CRIP1a inhibits endocytosis of G-protein coupled receptors activated by endocannabinoids and glutamate by a common molecular mechanism

Abstract

The excitability of the central nervous system depends largely on the surface density of neurotransmitter receptors. The endocannabinoid receptor 1 (CB1R) and the metabotropic glutamate receptor mGlu8R are expressed pre-synaptically where they reduce glutamate release into the synaptic cleft. Recently, the CB1R interacting protein cannabinoid receptor interacting protein 1a (CRIP1a) was identified and characterized to regulate CB1R activity in neurons. However, underlying molecular mechanisms are largely unknown. Here, we identified a common mechanism used by CRIP1a to regulate the cell surface density of two different types of G-protein coupled receptors, CB1R and mGlu8aR. Five amino acids within the CB1R C-terminus were required and sufficient to reduce constitutive CB1R endocytosis by about 72% in the presence of CRIP1a.

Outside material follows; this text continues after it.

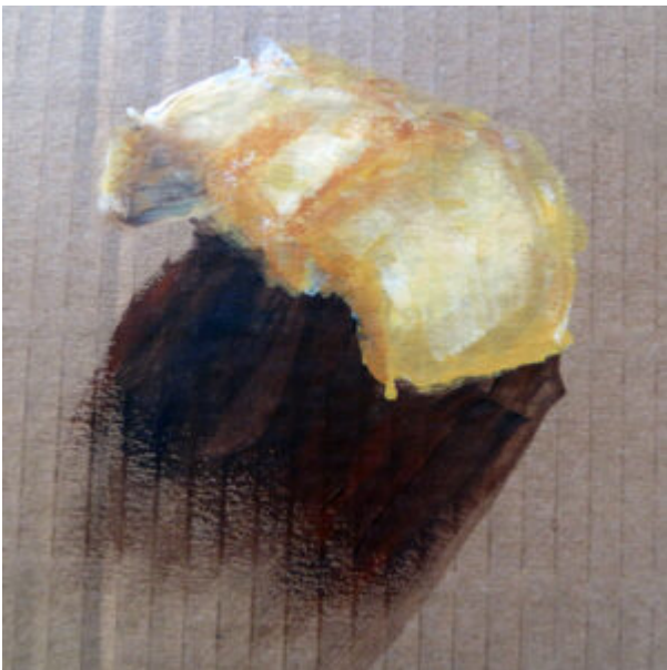
Graphic Inky Still Life!

Interestingly, a similar sequence is present in mGlu8aR and consistently, endocytosis of mGlu8aR depended on CRIP1a, as well. Docking analysis and molecular dynamics simulations identified a conserved serine in CB1R (S468) and mGlu8aR (S894) that forms a hydrogen bond with the peptide backbone of CRIP1a at position R82. In contrast to mGlu8aR, the closely related mGlu8bR splice-variant carries a lysine (K894) at this position, and indeed, mGlu8bR endocytosis was not affected by CRIP1a. Chimeric constructs between CB1R, mGlu8aR, and mGlu8bR underline the role of the identified five CRIP1a sensitive amino acids. In summary, we suggest that CRIP1a negatively regulates endocytosis of two different G-protein coupled receptor types, CB1R and mGlu8aR. (Figure presented.).